One of the most remembered riots in India’s post-Independence history occurred in Bhagalpur (Bihar) and in 250 adjacent villages. The Justice Ramanandan Prasad Commission of Inquiry submitted a well-researched report in March 1995.

The «Babri Masjid/Ramjanmabhoomi controversy» had created communal tensions throughout the state of Bihar. The state government had issued directives to district and police authorities advising great caution. In the town of Bhagalpur, tension was simmering. The proximity of the festivals of Bihula Puja (Hindu) and Muharram (Shia) and the unsolved murder of a Muslim rickshaw-driver during the Hindu Bihula procession on August 20 had already antagonized the two communities. In October, local Hindu groups asked permission to organize a Ram Shila (carrying sacred bricks) procession to Ayodhya that was slated to pass through the Muslim-majority area of Tatarpur. The district administration, ignoring both the sensitivities involved in such a demand and the directives of the state government, acquiesced and granted the procession’s organizers permission to follow the proposed route.

Violence started on October 24 when the Ram Shila procession, shouting anti-Muslim slogans, was refused entry by the residents of Tatarpur. Bombs were allegedly thrown from a Muslim school and the police opened fire on the crowd, killing two persons. Around twenty Muslim students from Tatarpur-area colleges were killed in mob violence, which subsequently spread to the city. Muslim houses, shops, and religious places were looted and burned by goondas. Weavers’ mohallas (neighborhoods) were razed to the ground. On October 26, eighteen persons were brutally murdered by a mob in the area of Jamuna Kothi. Trains were also attacked: passengers, whose names were identified as Muslim on the reservation charts, were killed. The police and their superintendent, K. S. Dvivedi, participated actively in the killing of Muslims. Their involvement was so extensive, that Bihar’s Director General of Police had to call for Dvivedi’s immediate replacement. But during a visit for his electoral campaign, on October 26, Prime Minister Rajiv Gandhi, after having listened to complaints from local policemen, declared that Superintendent Dvivedi would not be transferred, thereby legitimizing a continuation of violence. The Ramanandan Prasad Commission condemned, in the most severe terms, the partiality and active participation of the police forces-particularly that of the Bihar Military Police (BMP).
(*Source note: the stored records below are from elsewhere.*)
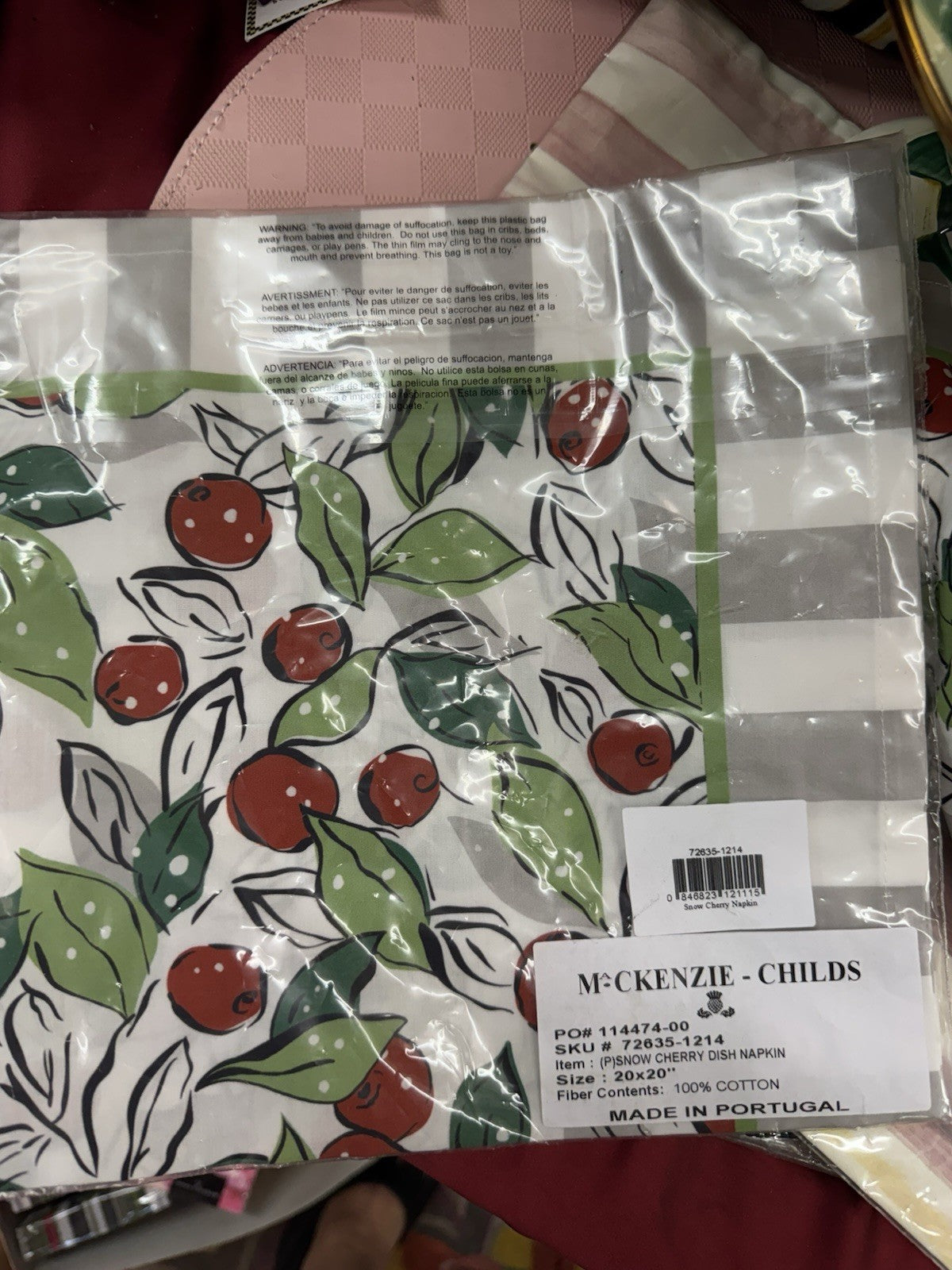 The Mackenzie Childs Snow Cherry 100% Cotton Napkin set includes 2 square-shaped napkins featuring a beautiful Snow Cherry pattern. Made in Portugal, these 20"x20" napkins are perfect for all occasions and are a stylish addition to any kitchen or dining table. The vibrant Snow Cherry color adds a pop of color to your dining experience, making it a must-have for any home looking to add a touch of elegance to their table settings.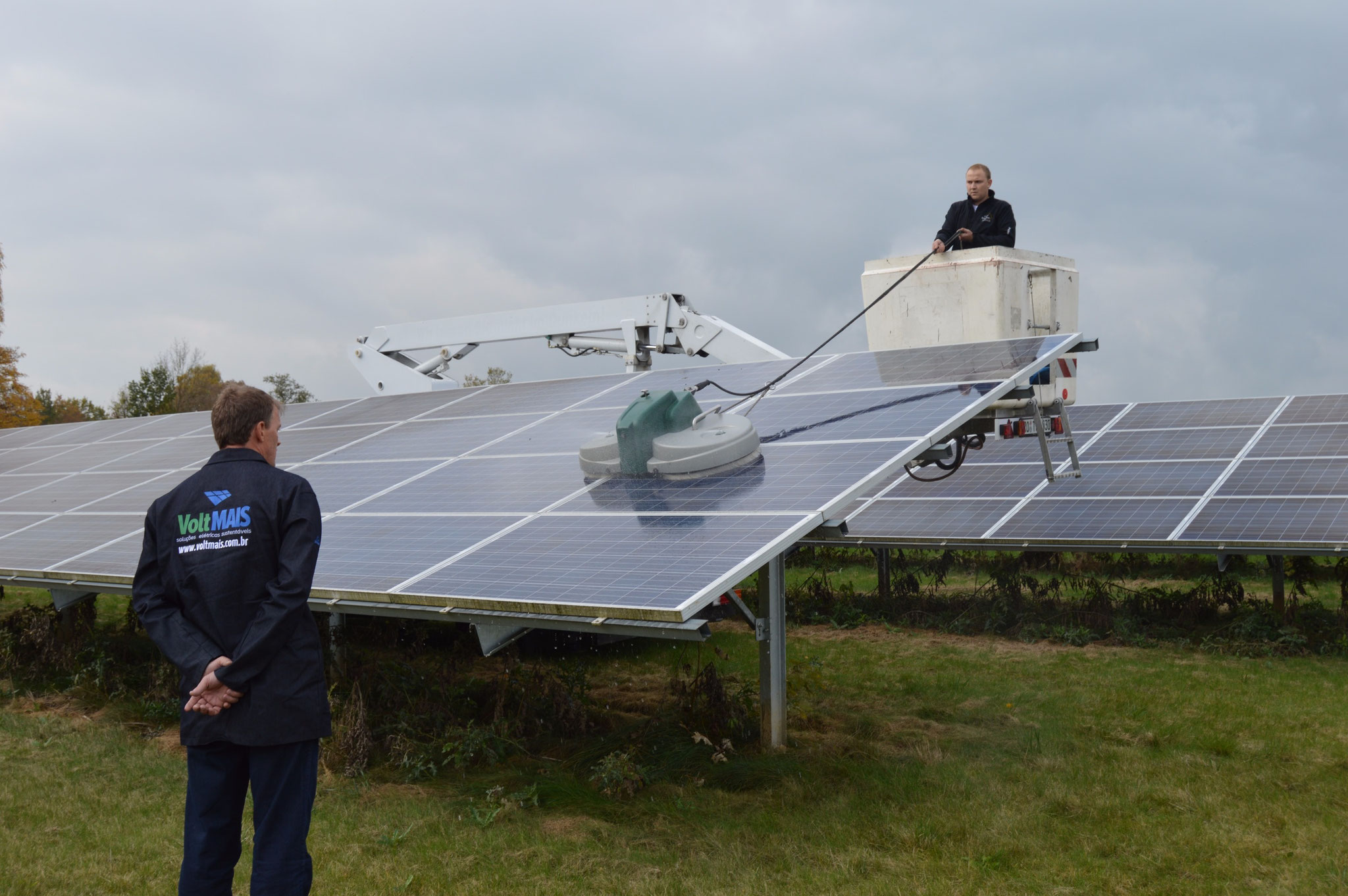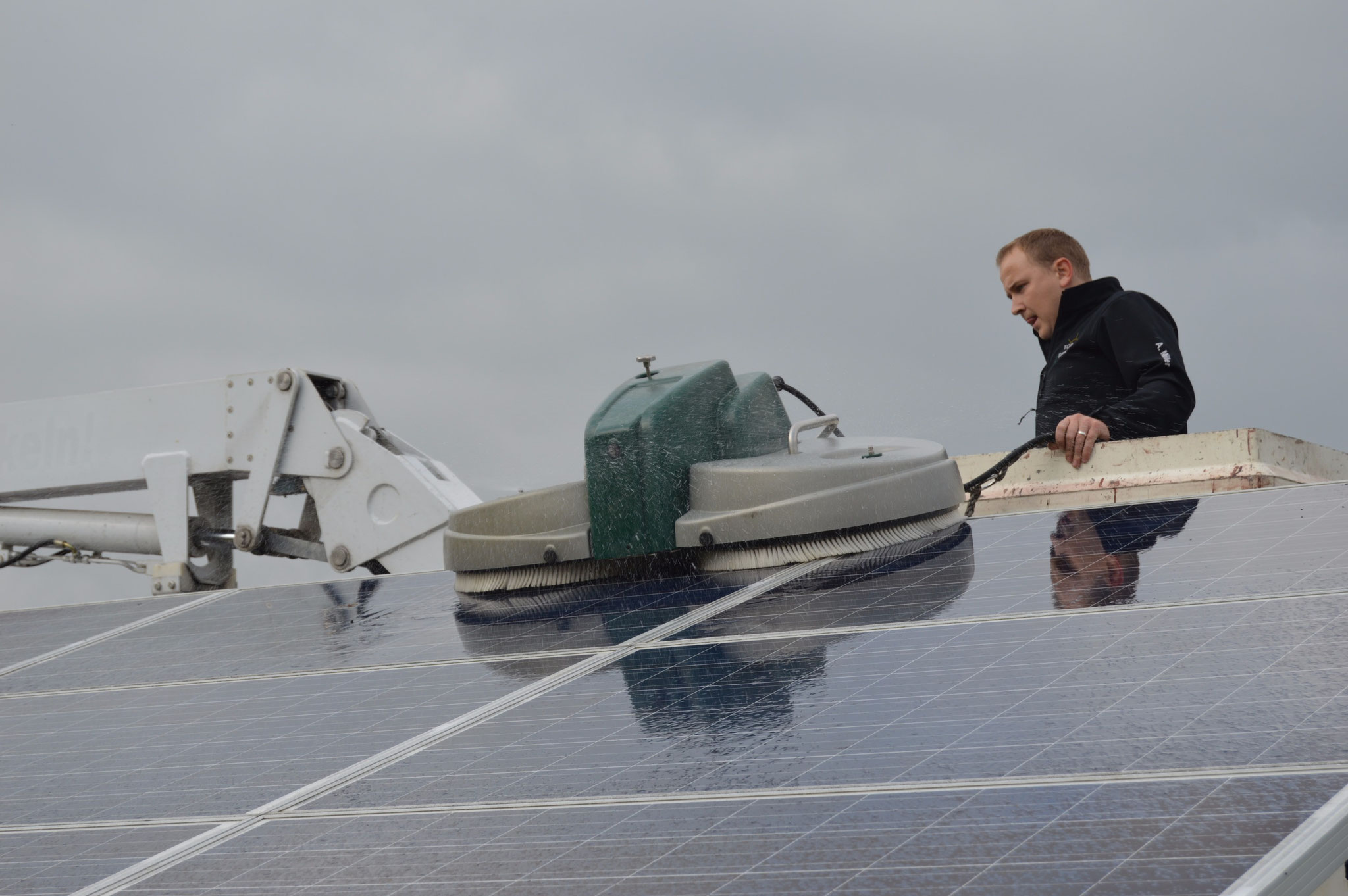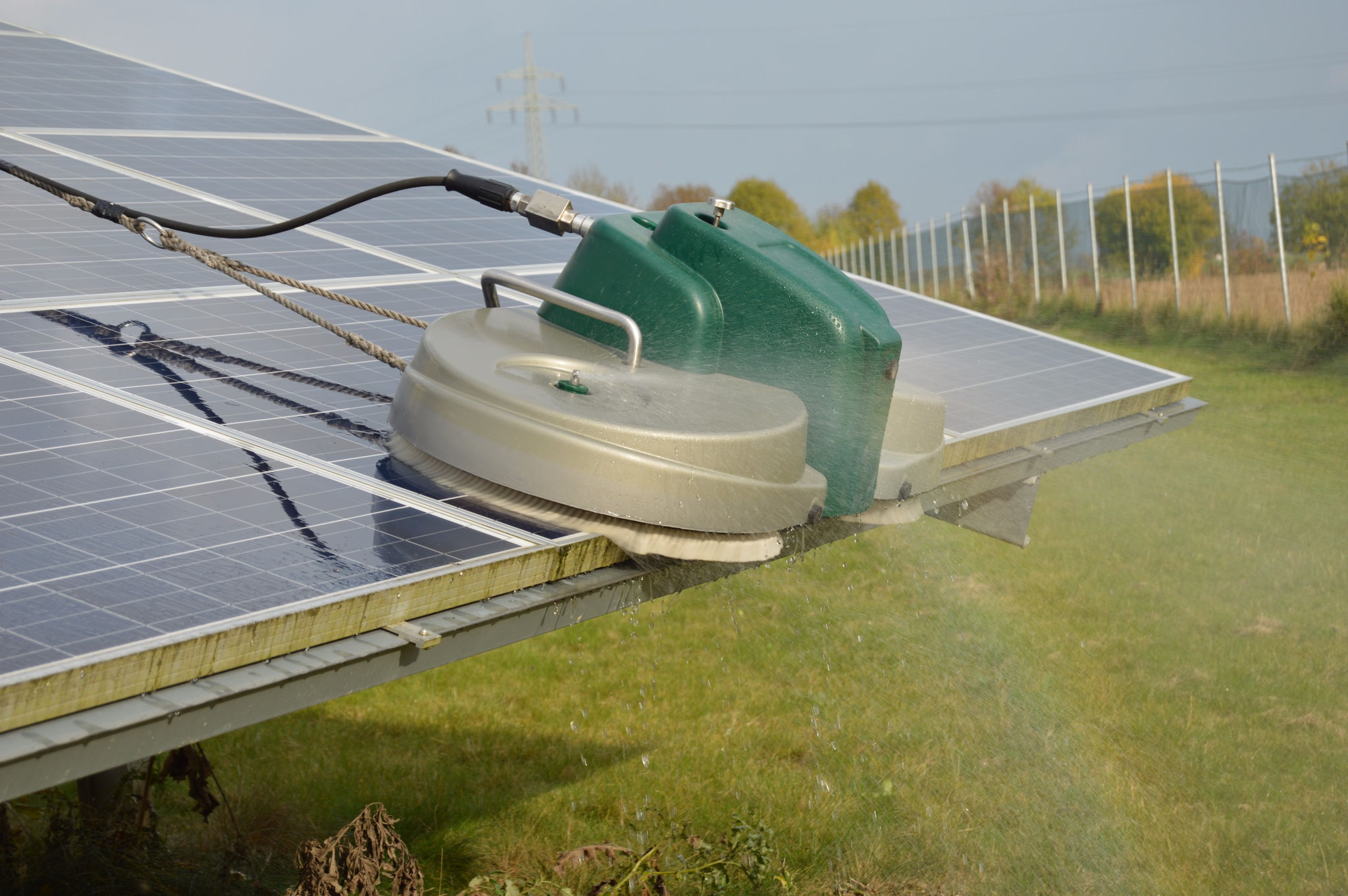 The new cleaning device PvSpin allows a swift and economic cleaning of big- surface solar plants that are covered with dirt. Especially solar plants on agricultural buildings with ridge ventilation become dirty already after a short time in operation. This results in yield losses of 15% and more. Cleaning systems that are operated manually are often uneconomic. However, cleaning robots are expensive and diflcult to transport. PvSpin is clean, quick and efficient, and easy to handle - so the PVSpin cleaning device will have paid itself ou after a short time.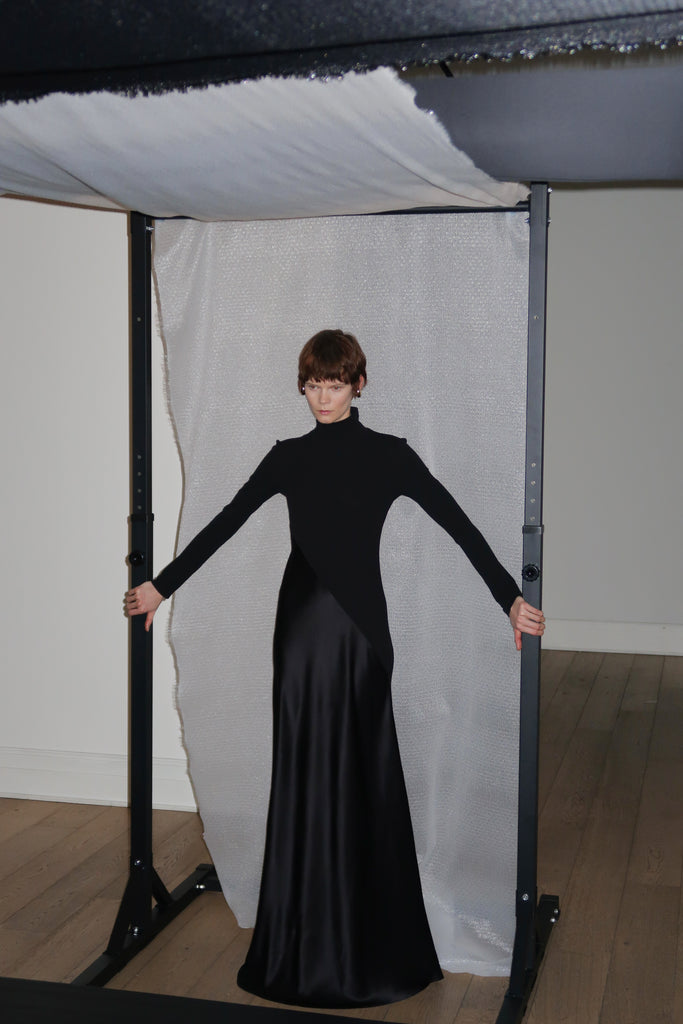 BIAS TURTLENECK COMBO MAXI DRESS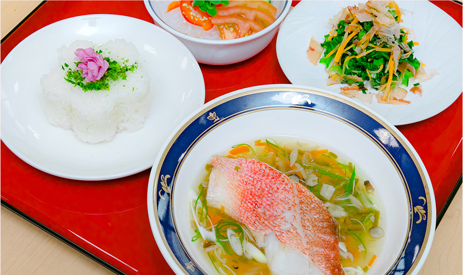 配食サービスは、お身体の状況により食事をつくることが困難になってしまった独居、もしくは老夫婦世帯を対象に、特別養護老人ホームやデイサービスセンターでご提供している栄養バランスのとれた昼食をお届けしています。当法人の配食サービスの特長は、地産地消へのこだわり。京都産の農作物をふんだんに使った食事づくりは京都府からも認められ、当施設は「たんとおあがり 京都府産」施設として認定されています。また、こだわりのお食事をお届けするだけでなく、安否確認も行っています。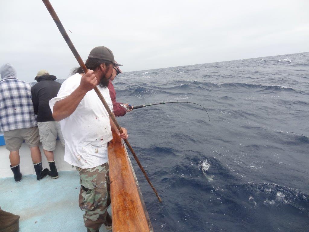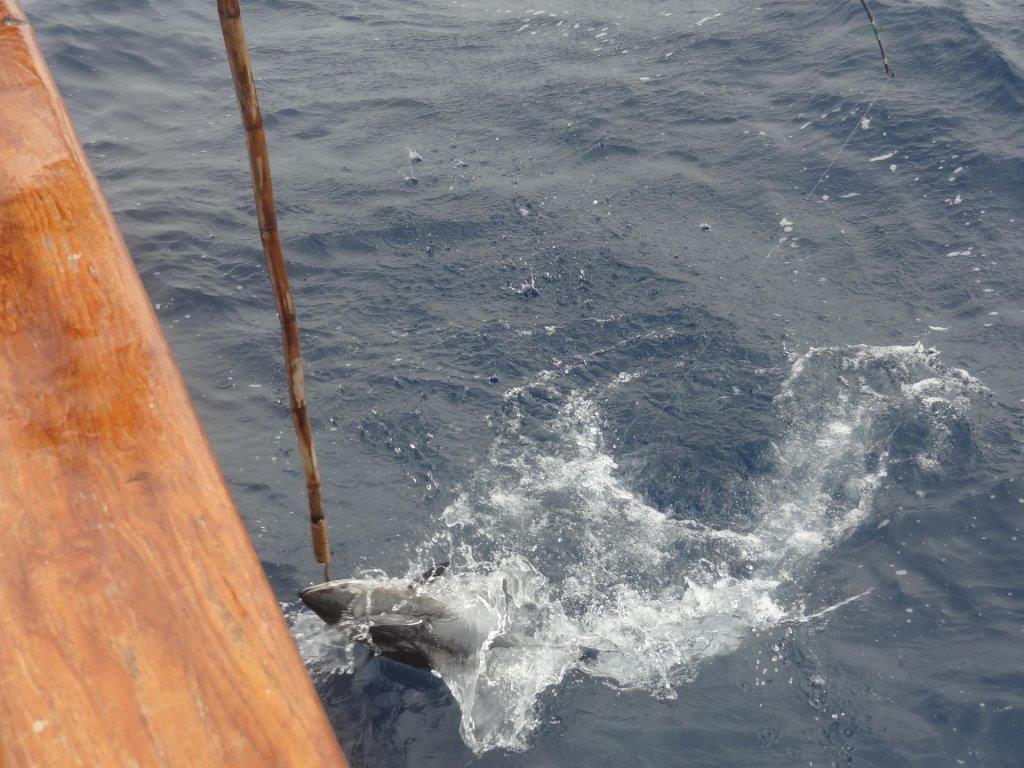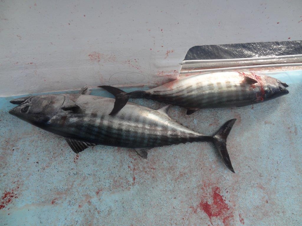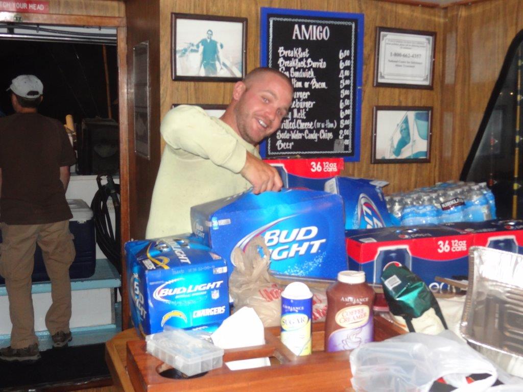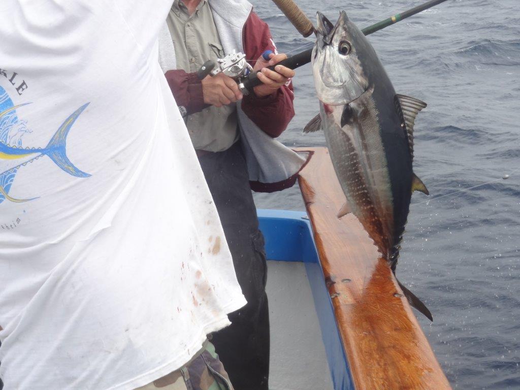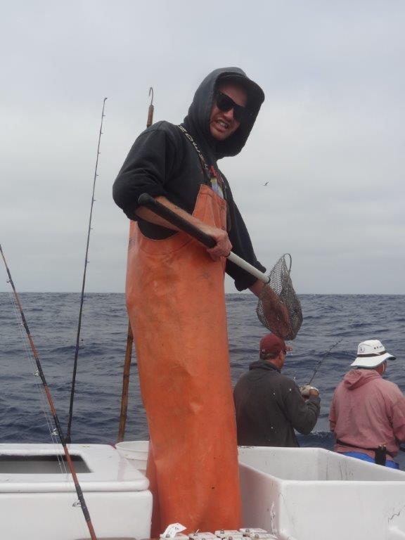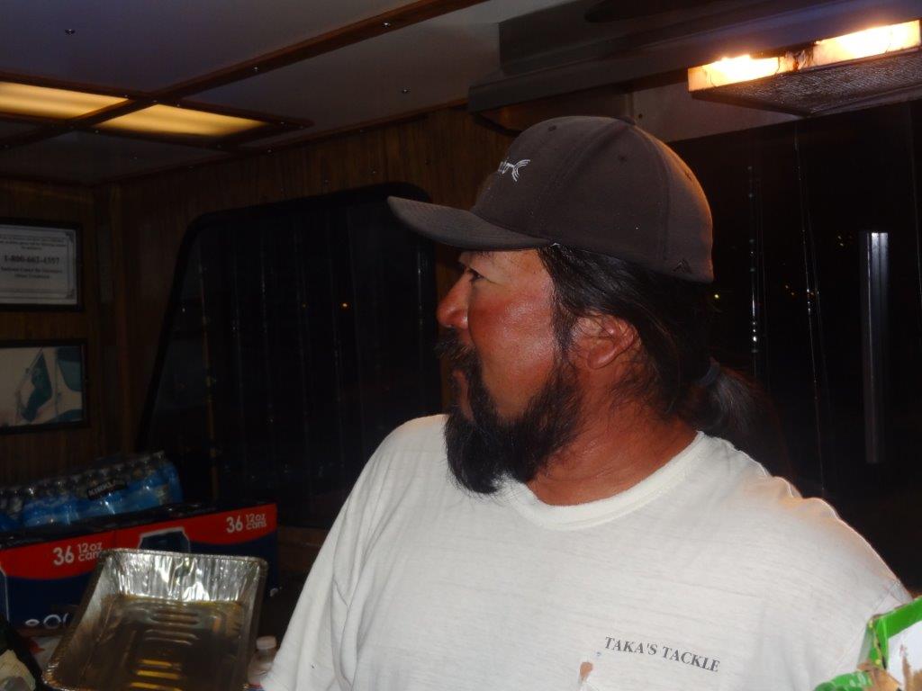 Trip #5: Boat: Thunderbird 2.5 day Departs: Tuesday August 19th Fishing: August 20th, 21th Returns: August 22th am Thunderbird Crew: Jeff Markland- Captain Steve Raby- 2nd Captain Jose, Jared & Nate on deck Goofy in his usual form in the Galley The usual suspects, newer club members and a slew of guests began gathering for the upcoming 2.5-day venture on board the Thunderbird on Tuesday afternoon/evening, a lot of discussion occurred around where will we fish, what is our bait, are we going to fish for tuna, and more importantly, the weather. Forecast was for pretty breezy on the outer banks and tuna grounds with somewhat better at the island. Thursday weather looked much improved everywhere. As it turned out, the weather turned out nice the first day, and even nicer the second day. Also the good news was we would have sardines for bait. When the boat returned from the fuel dock around 7:30, I wandered down to the boat and sat with Jeff and discussed our “options”. There was about 2 scoops of live squid on the boat and the squid at San Clemente Island was available but by jigging. Also, the yellowtail fishing was hit or miss at best early in the cove, and then really nothing to catch the rest of the day unless the bass decided to bite. The tuna grounds were in range to do some night fishing between the days, and daytime fishing was producing smaller fish. The Tanner Bank had the 10-15 lb variety which was spotty, and inside toward SCI were bigger 30-35lb variety with some larger mixed in. Getting bites though would be hard. The Cortez Bank coughed up 100 yellowtail for Jeff a few days before. There was also some white sea bass caught at San Nicholas Island so that was an option. Soooo, one more time, what to do. Jeff decided he will decide when we leave the bait receiver as I said give it your best shot. The final decision, with the weather forecast improving, we would head to the Cortez Bank since there had been some yellowtail there a few days before. And off we went. Travel out was not too bad. Day 1- Arrived at the Cortez Bank around 7:45 am, fished a couple areas for nothing except some of the jumbo bonito, large mackerel and a few bottom dwellers. There was no sign of yellowtail. Where the F**k did they go? Around 10:00am, Jeff pulled the plug and we headed back inside to the tuna grounds, about 30 miles away. Weather was getting much nicer, We ended up picking at the BFT not long after we arrived in the area around 2:00pm and joined “the fleet”. We had one decent plunker drift for 16 BFT, and scratched up 9 more at sundown. As dark fell, we headed into the island to try for the early morning yellowtail fishing at the Lost Point area. Day 1 fish count- 25 BFT, 4 Bonito kept, a few misc bottom dwellers kept JP winner- Bronson Noggle (Cory Steinwand Guest)- 30 plus lb BFT, Patch winner Cory Steinwand- 30 plus lb BFT (it was very close) Day 2- had a few yellowtail bites in the dark and grey light at Lost Point, all nice fish. Headed out after grey light for yesterday’s tuna grounds. Flat calm weather. Worked the area with “the fleet” for a couple of hours and covering a lot of water. Jeff finally pulled the plug and decided to take a gamble and head to the Tanner Bank since there were tuna there a few days before. And the gamble certainly paid off. We were greeted with boiling fish in the chum circle when we arrived, boiling fish on the anchor and steady fishing on the 10-15 lb BFT the rest of the afternoon. We fished a couple deep spots for decent reds and other stuff, one nice ling cod and headed back to the area west of SCI toward San Nicholas Island for some night fishing. We had several stops on spots of fish, and got a few anywhere from 30 plus lbs up to 100lbs. Around midnight, we headed home. We were able to fish that long because by chance, the boat was not scheduled to run a ¾ day trip when we got in, so we got to fish longer. Arrived at the dock around 7:20am, unloaded and that was it. Day 2 fish count- 6 Yellowtail, 40 BFT, 1 Halibut, 2 Barracuda, 100 plus mixed Reds and Rockfish, 1 Ling Cod JP & Patch winner- Cory Steinwand- 102 lb BFT Trip total- 65 BFT, 6 Yellowtail, 1 Halibut, 4 Bonito, 100 plus mixed Reds/Rockfish, 1 Ling Cod The weather for the entire trip was good. Temperature cool both days but very nice. Very little wind to flat calm the entire 2 days. One thing that was troubling was the amount of casualties on these smaller tuna. Seems like most everyone liberated one or two, or more. (We won’t mention my luck!). Small hooks and light line with too much pressure and these little guys were hot! All in all a good time had by all and a very good group of guests on this trip as well. That’s it! Your Scribe- Gary Thompson

Tragic events also occurred in nearby villages. On October 26, the village of Timoni (125 households) was entirely destroyed. An evacuation of the villagers, which had been carried out earlier, on October 25, limited the casualties to eleven deaths. In Chanderi, a hundred Muslims were killed on 27–28 October by a Hindu mob. The Ramanandan Prasad Commission also reported that on October 27 a four-thousand-strong mob streaming in from adjacent villages attacked the village of Lugain for nine hours, with the active complicity of the assistant sub-inspector of the Jagdishpur police station. Two hundred persons were killed.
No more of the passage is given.